Input to the first Transformer block:
X_input = TokenEmbedding + PositionalEncoding
Standard sinusoidal positional encoding:
PE(pos, 2i) = sin(pos / 10000^(2i / d_model))
PE(pos, 2i+1) = cos(pos / 10000^(2i / d_model))
Key properties:
- Depends only on position pos and channel index i.
- Independent of actual token identity.
- Allows model to distinguish sequences with same words but different order.
Example intuition: - "cat chased mouse" vs "mouse chased cat" - Same words, different order, different meaning - Positional encoding makes internal representations different.
7. Transformer Block Structure¶
Encoder block:
Input
-> Multi-Head Self-Attention
-> Add & LayerNorm
-> Position-wise Feed Forward Network
-> Add & LayerNorm
-> Output
Decoder block adds: - masked self-attention (causal mask) - encoder-decoder cross-attention
flowchart TD
A["Token + Positional Embedding"] --> B["Multi-Head Self-Attention"]
B --> C["Add & LayerNorm"]
C --> D["Feed Forward Network"]
D --> E["Add & LayerNorm"]
E --> F["Block Output"]
8. Training vs Inference (Important Distinction)¶
Two stages must be separated conceptually:
- Training:
- learn parameters (
W_Q, W_K, W_V, W_O, FFN weights, embeddings) - learn task behavior from input-output supervision (or pretraining objective)
- Inference:
- use learned parameters to generate/predict outputs
- no gradient updates in standard serving path
In practical systems, models may be periodically updated/retrained as data distribution shifts.
9. End-to-End NLP Pipeline (Transformer View)¶
Raw text
-> Tokenization
-> Token IDs
-> Token Embedding
-> Add Positional Encoding
-> Stacked Transformer Blocks
-> Task Head (classification / generation / tagging)
-> Output
For translation:
Source sentence
-> Encoder representation
-> Decoder (masked self-attn + cross-attn)

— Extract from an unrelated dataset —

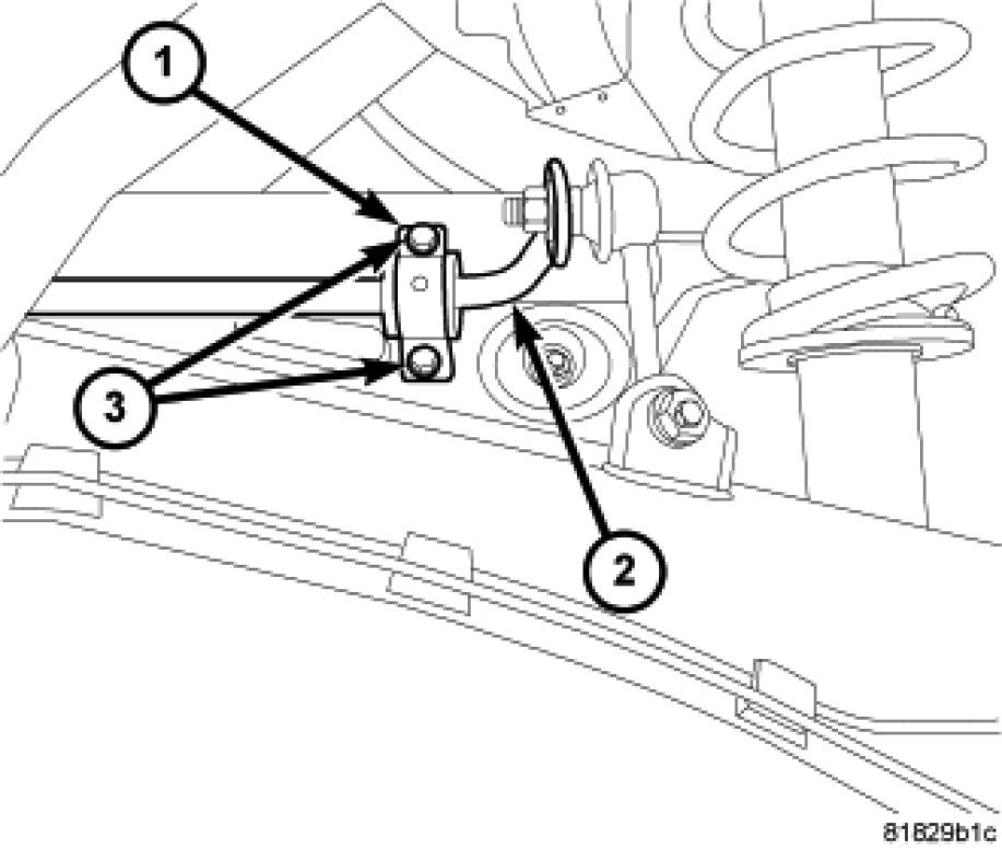 2. Position the stabilizer bar (2) on the rear crossmember.

-> Target sentence generation
10. Practical Hyperparameters¶
d_model: embedding/model widthh: number of attention headsd_ff: FFN hidden widthN: number of encoder/decoder layers- dropout rates
- max sequence length
General trade-off: - Higher capacity improves expressiveness. - Cost rises in memory/latency.
11. Pseudocode¶
Input: token_ids
X = token_embedding(token_ids)
P = positional_encoding(length(token_ids), d_model)
H = X + P
for layer in 1..N:
A = multi_head_attention(H) # self-attention
H = layer_norm(H + A) # residual 1
F = feed_forward(H)
H = layer_norm(H + F) # residual 2
Output = task_head(H)
12. Quick Revision¶
- Transformer replaces recurrent sequence processing with attention.
- Core operator:
softmax(QK^T / sqrt(d_k))V. - Multi-head attention captures multiple feature patterns in parallel.
- Positional encoding is required to inject order information.
- Final architecture combines MHA, residuals, normalization, and FFN blocks.
- Training and inference should be treated as separate operational phases.